In the entries below, begin at the line that has "Je n’y ai d’abord", stop after the line that has "있다. [무안군 제공] |", and output those lines exactly with no pictures.

*Dataset extract*.
--------

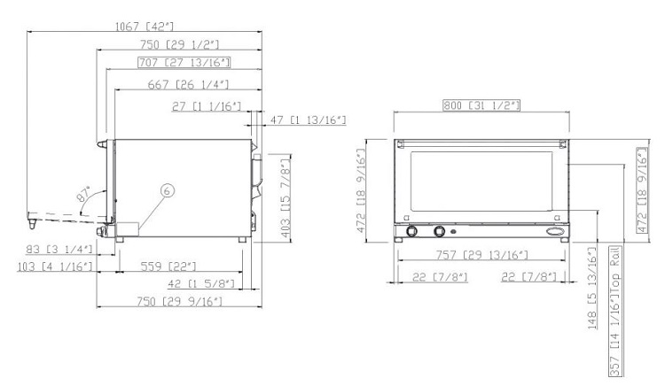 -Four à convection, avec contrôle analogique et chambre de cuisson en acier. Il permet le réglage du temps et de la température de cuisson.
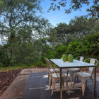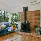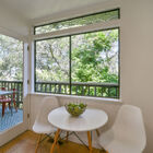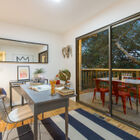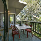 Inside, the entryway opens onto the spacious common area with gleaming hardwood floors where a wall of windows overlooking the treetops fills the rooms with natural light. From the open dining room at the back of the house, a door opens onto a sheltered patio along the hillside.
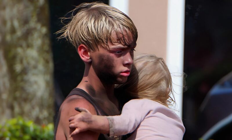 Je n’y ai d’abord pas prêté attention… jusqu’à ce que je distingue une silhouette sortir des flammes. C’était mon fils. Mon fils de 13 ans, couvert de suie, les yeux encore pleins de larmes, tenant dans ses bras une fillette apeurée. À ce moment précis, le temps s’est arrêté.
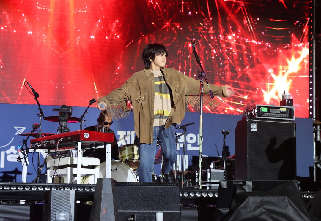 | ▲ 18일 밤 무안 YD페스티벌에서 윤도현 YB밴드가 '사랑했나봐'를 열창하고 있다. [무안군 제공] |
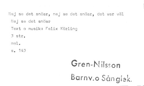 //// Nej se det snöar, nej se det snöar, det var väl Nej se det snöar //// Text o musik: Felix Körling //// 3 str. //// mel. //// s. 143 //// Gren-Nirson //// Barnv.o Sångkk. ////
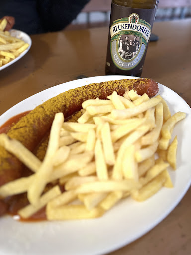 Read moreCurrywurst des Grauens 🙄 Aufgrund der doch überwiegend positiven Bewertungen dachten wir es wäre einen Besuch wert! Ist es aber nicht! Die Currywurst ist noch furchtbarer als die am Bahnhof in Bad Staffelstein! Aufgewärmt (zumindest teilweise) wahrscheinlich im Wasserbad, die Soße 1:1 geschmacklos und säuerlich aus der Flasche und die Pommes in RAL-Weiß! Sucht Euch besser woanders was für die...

--------

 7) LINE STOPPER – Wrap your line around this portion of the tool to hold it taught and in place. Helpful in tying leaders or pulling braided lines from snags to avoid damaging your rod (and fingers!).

--------

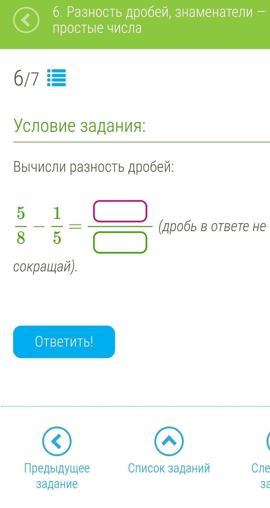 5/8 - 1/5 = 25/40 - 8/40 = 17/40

--------

*Solution for this task*.
 Je n’y ai d’abord pas prêté attention… jusqu’à ce que je distingue une silhouette sortir des flammes. C’était mon fils. Mon fils de 13 ans, couvert de suie, les yeux encore pleins de larmes, tenant dans ses bras une fillette apeurée. À ce moment précis, le temps s’est arrêté.
 | ▲ 18일 밤 무안 YD페스티벌에서 윤도현 YB밴드가 '사랑했나봐'를 열창하고 있다. [무안군 제공] |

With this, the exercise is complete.